Jeogori
Jeogori | |
Korean name | |
---|---|
Hangul | 저고리 |
Hanja | 赤古里 |
Revised Romanization | jeogori |
McCune–Reischauer | chŏgori |
Jeogori or tseogori (Korean: 저고리; Korean pronunciation: [t͡ɕʌ̹ɡo̞ɾi]) is a basic upper garment of the hanbok, a traditional Korean garment, which has been worn by both men and women.[1] Men usually wear the jeogori with a baji or pants while women wear the jeogori with chima, or skirts. It covers the arms and upper part of the wearer's body.[2][3][4]
Etymology
The jeogori has been worn since ancient times and went by a variety of names such as yu (유; 襦; lit. jacket), boksam (복삼; 複杉), and wihae (위해; 尉解) in the Three Kingdoms period (57 BC – 668 AD).[5]

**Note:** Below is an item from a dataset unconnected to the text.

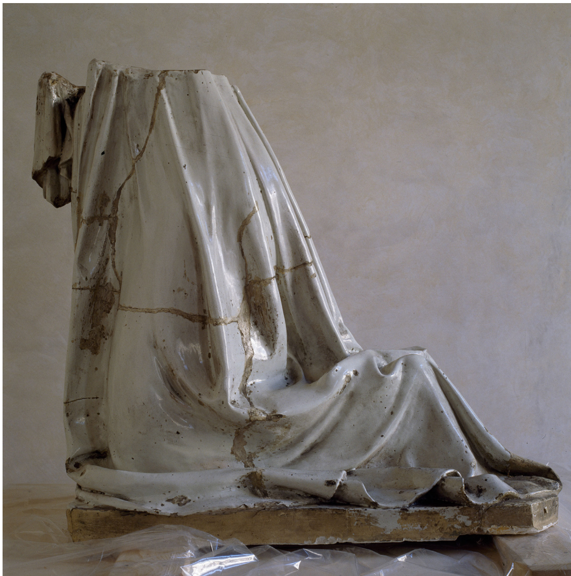
Fig. 9. Visitation : The lower section of Saint Elizabeth before the 1992 restoration
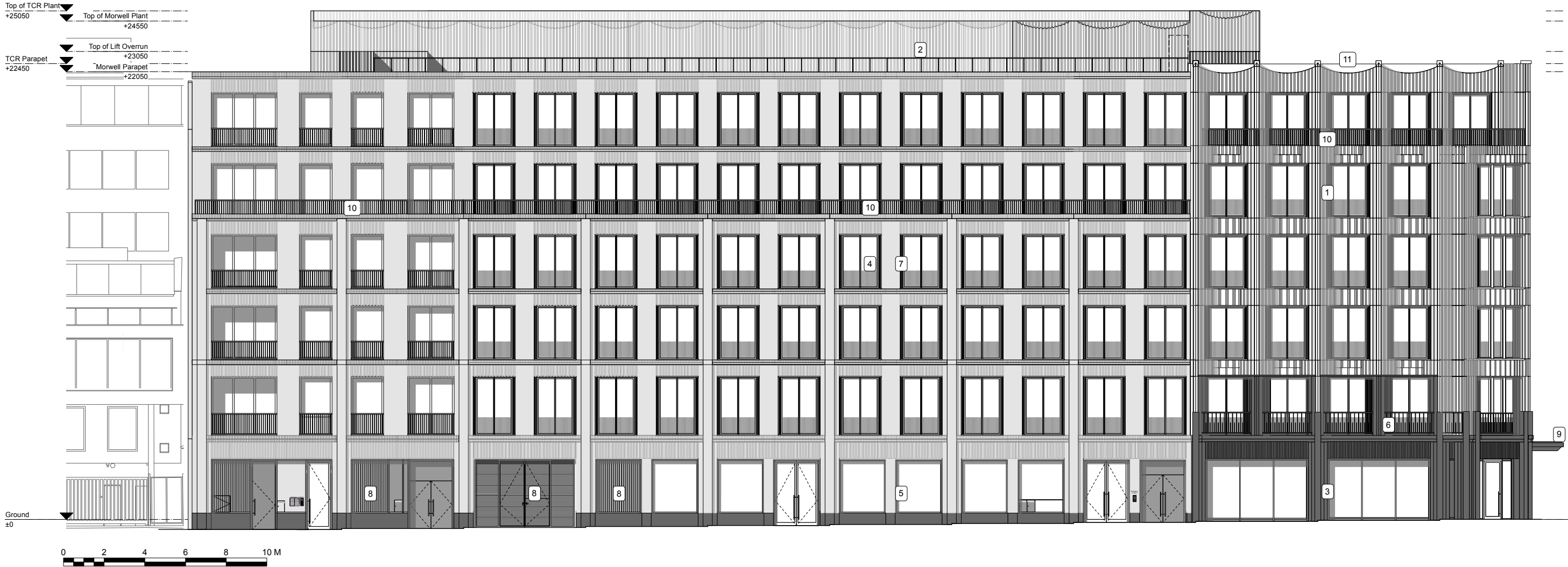
3 MOREWELL ST - EAST ELEVATION ST-PL-03-102 SCALE 1:200 @ A3

Although it is unknown when the term jeogori began to be used to refer to the garment, it is assumed to have appeared in the late Goryeo period around King Chungnyeol's reign. The first historical document to mention the jeogori is in the Cheonjeonui (천전의; 遷奠儀) of Queen Wongyeong, which was a funeral ceremony for carrying the coffin out of the palace. The document written in 1420 during the second reign of Sejong the Great records jeokgori (적고리; 赤古里) and danjeokgori (단적고리; 短赤古里).[5][2] However, it is not clear whether the record is a hanja transliteration of a Korean word or Mongolian influence. Before the Goryeo period, such an upper garment was referred to as wihae (위해; 尉解; Chinese: 尉解; pinyin: wèijiě) in Silla.[6] As the uihae was a transliteration of the Silla language, dialect forms such as uti and uchi still remain to present.[2][3][4]
Composition
Traditionally, a jeogori is made out of leather, woolen fabrics, silk, hemp or ramie.[7][8][9] Modern Korean designers sometimes use other materials such as lace.[7][10] There are several types of jeogori according to fabric, sewing technique, and shape.[4][5]
The basic form of a jeogori consists of gil (길), git (깃), dongjeong (동정), goreum (고름) and sleeves somae: the gil is the large section of the garment in both front and back side and git is a band of fabric that trims the collar. The dongjeong is a removable white collar placed over the end of the git and is generally squared off. The goreum are coat strings attached to the breast part to tie the jeogori.[11] Women's jeogori may have kkeutdong (끝동), a different coloured cuff placed on the end of the sleeves. The form of jeogori has been changed as time goes by.[4]
History
Previously in Korea, jeogori were worn over bottom garments.[7] The earliest known depictions of the jeogori are on Goguryeo murals.[12]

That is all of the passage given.